The 32-year-old, who recorded no abnormal tests, has repeatedly insisted on his innocence after his coach Alberto Salazar was accused at being of the centre of doping allegations, according to a BBC investigation.

Salazar also denies any wrongdoing.

On the subject of British athletes, Sapstead said: "UK Anti-Doping runs a comprehensive programme on British athletes. They are subject to the type of scrutiny not many athletes are subject to around the world.

"We do that through education, through testing, through using intelligence to inform on testing programs and by analysing our samples for a multitude of substances, including putting some athletes through the biological passport.

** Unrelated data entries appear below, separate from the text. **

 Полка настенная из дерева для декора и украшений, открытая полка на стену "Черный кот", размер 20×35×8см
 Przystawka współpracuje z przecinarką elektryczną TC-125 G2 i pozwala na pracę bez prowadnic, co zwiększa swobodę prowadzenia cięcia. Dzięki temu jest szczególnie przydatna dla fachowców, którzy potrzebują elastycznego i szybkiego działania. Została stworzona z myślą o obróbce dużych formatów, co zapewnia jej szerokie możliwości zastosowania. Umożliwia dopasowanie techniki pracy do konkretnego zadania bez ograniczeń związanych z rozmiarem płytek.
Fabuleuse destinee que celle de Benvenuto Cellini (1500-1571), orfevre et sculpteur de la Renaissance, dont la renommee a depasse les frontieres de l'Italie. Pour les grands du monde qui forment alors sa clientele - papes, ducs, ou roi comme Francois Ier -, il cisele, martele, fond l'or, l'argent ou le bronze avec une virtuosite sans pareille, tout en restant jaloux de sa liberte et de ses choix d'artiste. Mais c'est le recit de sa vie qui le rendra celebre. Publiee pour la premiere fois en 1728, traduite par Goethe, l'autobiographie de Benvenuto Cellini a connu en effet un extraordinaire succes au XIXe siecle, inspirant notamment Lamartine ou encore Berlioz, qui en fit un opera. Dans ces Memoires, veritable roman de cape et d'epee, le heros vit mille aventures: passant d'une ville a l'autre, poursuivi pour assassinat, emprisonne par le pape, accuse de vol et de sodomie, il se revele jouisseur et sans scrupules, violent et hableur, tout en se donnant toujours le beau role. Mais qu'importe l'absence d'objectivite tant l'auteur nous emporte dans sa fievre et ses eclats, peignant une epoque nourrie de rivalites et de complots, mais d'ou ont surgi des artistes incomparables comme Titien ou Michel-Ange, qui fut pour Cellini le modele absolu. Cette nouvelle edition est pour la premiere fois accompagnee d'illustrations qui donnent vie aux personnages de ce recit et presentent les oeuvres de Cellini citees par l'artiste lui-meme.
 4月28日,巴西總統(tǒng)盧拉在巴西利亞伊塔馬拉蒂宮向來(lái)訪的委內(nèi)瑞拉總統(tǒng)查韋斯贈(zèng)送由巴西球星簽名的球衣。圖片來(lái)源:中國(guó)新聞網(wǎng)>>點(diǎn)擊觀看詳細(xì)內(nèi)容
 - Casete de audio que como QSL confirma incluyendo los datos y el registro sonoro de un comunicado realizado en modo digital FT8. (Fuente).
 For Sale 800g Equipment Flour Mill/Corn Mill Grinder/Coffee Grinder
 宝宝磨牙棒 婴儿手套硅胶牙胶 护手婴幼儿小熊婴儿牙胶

"What I can say is that the public should have confidence that there is an organisation within the UK that is targeting and properly focusing on the athletes that they think might be doping and also giving the public reassurance that all the athletes that it does test are by and large clean."

What is the Athlete Biological Passport?
An Athlete Biological Passport is an electronic document about the athlete that contains certain biomarkers from through his career. If these markers change dramatically it alerts officials that the athlete might be doping.

Come and see what we do - IAAF

Robert Harting
In 2014, Robert Harting asked to be removed from the IAAF's male athletes of the year nomination list in protest at Justin Gatlin's inclusion

On Monday, a group of athletes led by Germany's Olympic discus champion Robert Harting released a YouTube video claiming the IAAF was not doing enough to fight doping.

In the video, the athletes held up messages, with one reading "I want to run against clean athletes, not monsters".

In response, the IAAF invited Hartingexternal-link to its offices to see how it is "rooting out the cheats and protecting the credibility of competition".

It added that it "greatly admires" Harting's "no-nonsense anti-doping stance".